– Убит? Но подожди, Нейв... При чем здесь ты? – взволнованно воскликнула Шелби.

Звонок Марсона подействовал на нее отрезвляюще, словно холодный душ, заставив моментально забыть о том, что только что произошло между ней и Нейвом.

– Не знаю, – проговорил Нейв, застегивая ширинку. – Но, видно, это важно, раз Шеп первым делом бросился ко мне.

Шелби все это не нравилось. Шеп Марсон приходился ей дальним родственником – каким-то двоюродным или троюродным кузеном; она знала его с детства – и не любила.

– Ладно, посмотрим, что он расскажет.

Отойдя от стола, она застегнула платье, встала перед зеркалом и принялась приглаживать растрепавшиеся волосы. Но они не слушались; тогда Шелби схватила щетку и стала нервными, резкими движениями расчесывать спутанные пряди.

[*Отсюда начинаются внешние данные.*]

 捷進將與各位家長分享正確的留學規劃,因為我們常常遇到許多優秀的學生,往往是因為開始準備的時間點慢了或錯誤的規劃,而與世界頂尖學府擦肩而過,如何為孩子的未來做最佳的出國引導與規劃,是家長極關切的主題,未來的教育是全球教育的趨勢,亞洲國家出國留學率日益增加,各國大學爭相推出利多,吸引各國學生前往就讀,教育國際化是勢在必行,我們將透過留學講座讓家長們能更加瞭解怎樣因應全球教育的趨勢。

– Можешь уйти, если хочешь.

– Зачем? – спросила она. Взгляды их в зеркале встретились. – Не вижу причин убегать.

– Возможно, предстоит нелегкий разговор, – угрюмо объяснил Нейв.

Шелби опустила щетку.

– Для кого нелегкий? Для тебя?

– Для всех.

– Разговора начистоту я не боюсь. Нейв! – Она обернулась и ткнула щеткой ему в грудь. – Ты что-то от меня скрываешь? Если так, лучше расскажи сейчас!

– Просто не хочу подвергать тебя испытанию, к которому ты не готова.

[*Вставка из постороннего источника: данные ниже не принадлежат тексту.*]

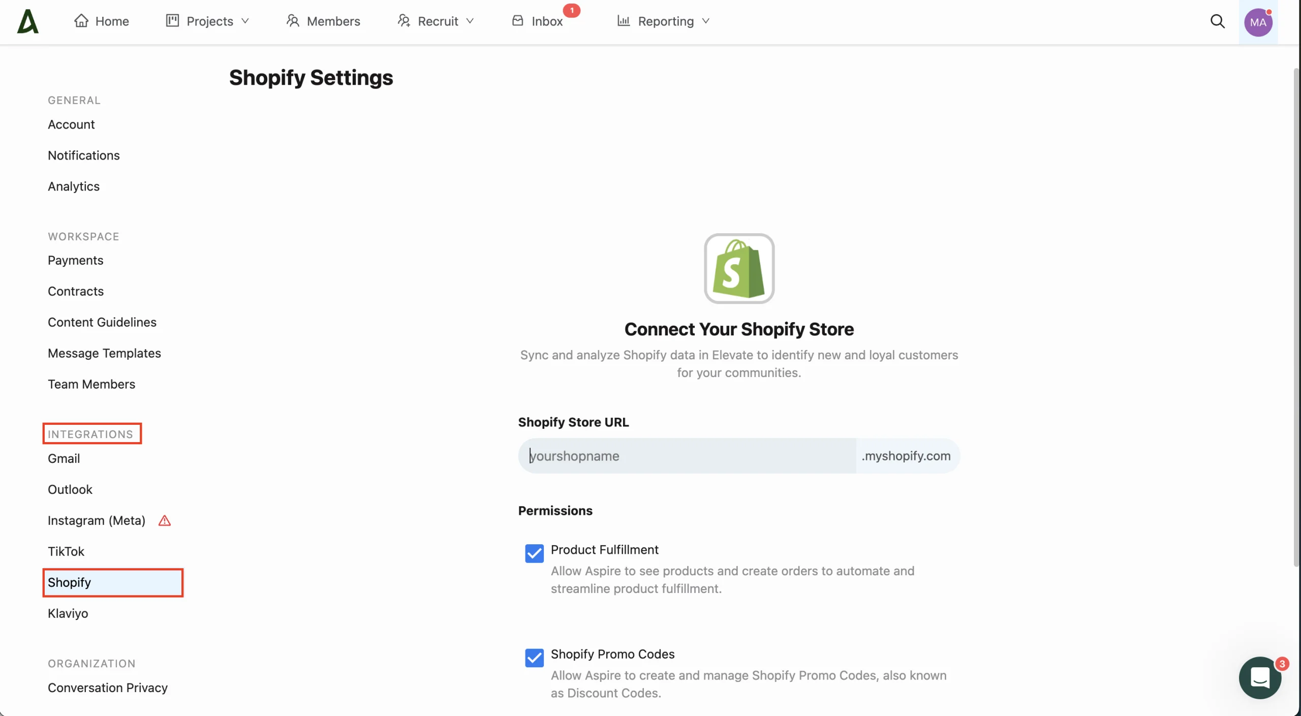 Setting up the Aspire Shopify integration is easy and secure, for this follow these detailed steps to get started. This process links your store’s data to Aspire in minutes, enabling seamless influencer marketing.

– Опять ты ходишь вокруг да около. Может, ты забыл, Смит, но мы с тобой только что занимались любовью. – И она махнула щеткой в сторону неубранной кровати. – Хорошо, оставим это, – но оба мы ищем дочь. Оба мы понимаем, что это совпадение – Росса Маккаллума выпускают на свободу, и в те же дни я получаю известие, что моя... наша дочь жива, – оба мы знаем, что это не случайность. Освобождение Маккаллума, убийство Эстевана, анонимное послание – все это как-то связано. А теперь умирает свидетель преступления, человек, чьи показания сперва отправили Маккаллума в тюрьму, а теперь дали ему свободу. Умирает – и, может быть, убит! И ты еще спрашиваешь, не лучше ли мне уйти?!

Нейв и не думал возражать:

– Ладно, Шелби. Оставайся.

– Ну, спасибо, – с иронией отозвалась она и, положив щетку, снова принялась оправлять на себе платье.

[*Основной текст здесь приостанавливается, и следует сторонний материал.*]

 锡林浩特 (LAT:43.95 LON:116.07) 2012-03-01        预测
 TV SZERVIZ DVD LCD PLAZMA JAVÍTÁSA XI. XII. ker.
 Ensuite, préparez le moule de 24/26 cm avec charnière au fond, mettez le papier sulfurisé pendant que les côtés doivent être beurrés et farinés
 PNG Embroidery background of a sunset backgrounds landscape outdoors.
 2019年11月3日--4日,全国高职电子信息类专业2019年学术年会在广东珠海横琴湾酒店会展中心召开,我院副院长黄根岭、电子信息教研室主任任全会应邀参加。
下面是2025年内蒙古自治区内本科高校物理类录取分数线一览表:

На самом деле ей хотелось бежать отсюда. Бежать без оглядки. Шепу Марсону она не доверяла, знала, что ничего хорошего от него ждать не стоит, и одна мысль о разговоре с ним наполняла ее смутным, но тяжелым и неприятным чувством – не страхом, но чем-то очень сродни страху. Шелби надеялась только, что Нейв не догадается о ее малодушии.

Не прошло и десяти минут, как среди деревьев замелькали огни фар. Залаял Крокетт, но Нейв, прикрикнув, заставил его умолкнуть. Рука об руку Нейв и Шелби вышли на крыльцо.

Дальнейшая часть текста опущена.